What needs to be done >>
Set down, character for character, everything in the records below from the line holding "這是我們產品中經常能夠見到的" down to the line holding "建筑面积约:96-104㎡3房", and no other line.
Records supplied START
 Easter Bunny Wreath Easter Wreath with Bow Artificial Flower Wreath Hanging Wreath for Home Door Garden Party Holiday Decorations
Records supplied END
Records supplied START
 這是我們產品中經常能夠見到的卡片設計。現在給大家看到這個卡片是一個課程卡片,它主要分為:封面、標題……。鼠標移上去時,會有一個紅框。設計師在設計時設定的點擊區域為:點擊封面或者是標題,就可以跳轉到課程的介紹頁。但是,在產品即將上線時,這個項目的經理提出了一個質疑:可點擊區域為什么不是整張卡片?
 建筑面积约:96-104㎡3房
Records supplied END
Solved exercise >>
 這是我們產品中經常能夠見到的卡片設計。現在給大家看到這個卡片是一個課程卡片,它主要分為:封面、標題……。鼠標移上去時,會有一個紅框。設計師在設計時設定的點擊區域為:點擊封面或者是標題,就可以跳轉到課程的介紹頁。但是,在產品即將上線時,這個項目的經理提出了一個質疑:可點擊區域為什么不是整張卡片?
 建筑面积约:96-104㎡3房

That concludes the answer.